Your instructions: Although the data below holds other lines too, output only those from the line with "AKKON - For" up to and including the line with "山梨県・富士河口湖町、富士山の麓にあるキャンプ場「すばるランド CAMP FIELD(すばるランド", exactly as they appear.

Supplied records:
□ □ □ □
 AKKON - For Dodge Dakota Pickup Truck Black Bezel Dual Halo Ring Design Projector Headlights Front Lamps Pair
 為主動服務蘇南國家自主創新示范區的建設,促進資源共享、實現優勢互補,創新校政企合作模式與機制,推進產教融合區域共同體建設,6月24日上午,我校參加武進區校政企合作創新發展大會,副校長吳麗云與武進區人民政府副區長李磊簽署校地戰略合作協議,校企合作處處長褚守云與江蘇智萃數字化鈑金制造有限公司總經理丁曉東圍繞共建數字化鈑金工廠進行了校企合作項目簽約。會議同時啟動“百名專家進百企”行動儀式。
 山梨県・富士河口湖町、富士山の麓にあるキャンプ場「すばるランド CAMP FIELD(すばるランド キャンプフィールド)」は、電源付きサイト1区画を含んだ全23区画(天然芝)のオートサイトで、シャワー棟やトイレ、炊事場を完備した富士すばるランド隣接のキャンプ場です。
□ □ □ □
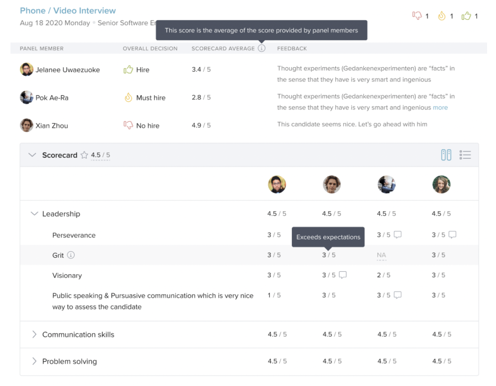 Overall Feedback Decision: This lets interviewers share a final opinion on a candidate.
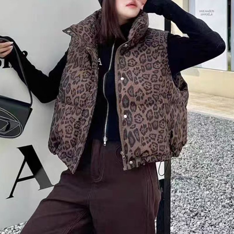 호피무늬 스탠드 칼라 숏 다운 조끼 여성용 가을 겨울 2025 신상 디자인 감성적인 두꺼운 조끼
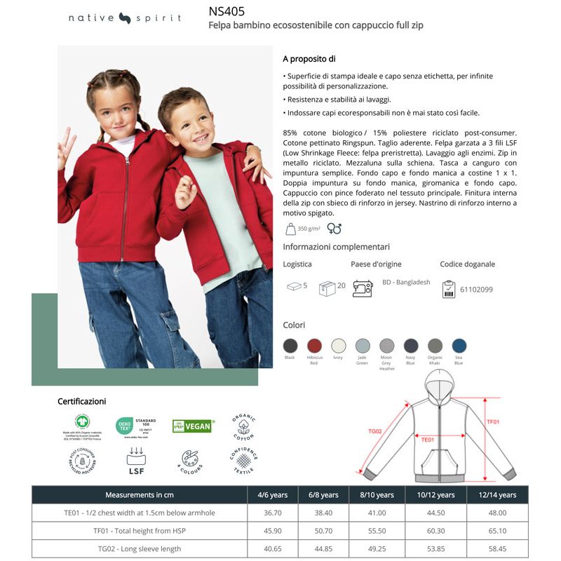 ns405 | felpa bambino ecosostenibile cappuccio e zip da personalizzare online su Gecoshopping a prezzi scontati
□ □ □ □
Exercise result:
 AKKON - For Dodge Dakota Pickup Truck Black Bezel Dual Halo Ring Design Projector Headlights Front Lamps Pair
 為主動服務蘇南國家自主創新示范區的建設,促進資源共享、實現優勢互補,創新校政企合作模式與機制,推進產教融合區域共同體建設,6月24日上午,我校參加武進區校政企合作創新發展大會,副校長吳麗云與武進區人民政府副區長李磊簽署校地戰略合作協議,校企合作處處長褚守云與江蘇智萃數字化鈑金制造有限公司總經理丁曉東圍繞共建數字化鈑金工廠進行了校企合作項目簽約。會議同時啟動“百名專家進百企”行動儀式。
 山梨県・富士河口湖町、富士山の麓にあるキャンプ場「すばるランド CAMP FIELD(すばるランド キャンプフィールド)」は、電源付きサイト1区画を含んだ全23区画(天然芝)のオートサイトで、シャワー棟やトイレ、炊事場を完備した富士すばるランド隣接のキャンプ場です。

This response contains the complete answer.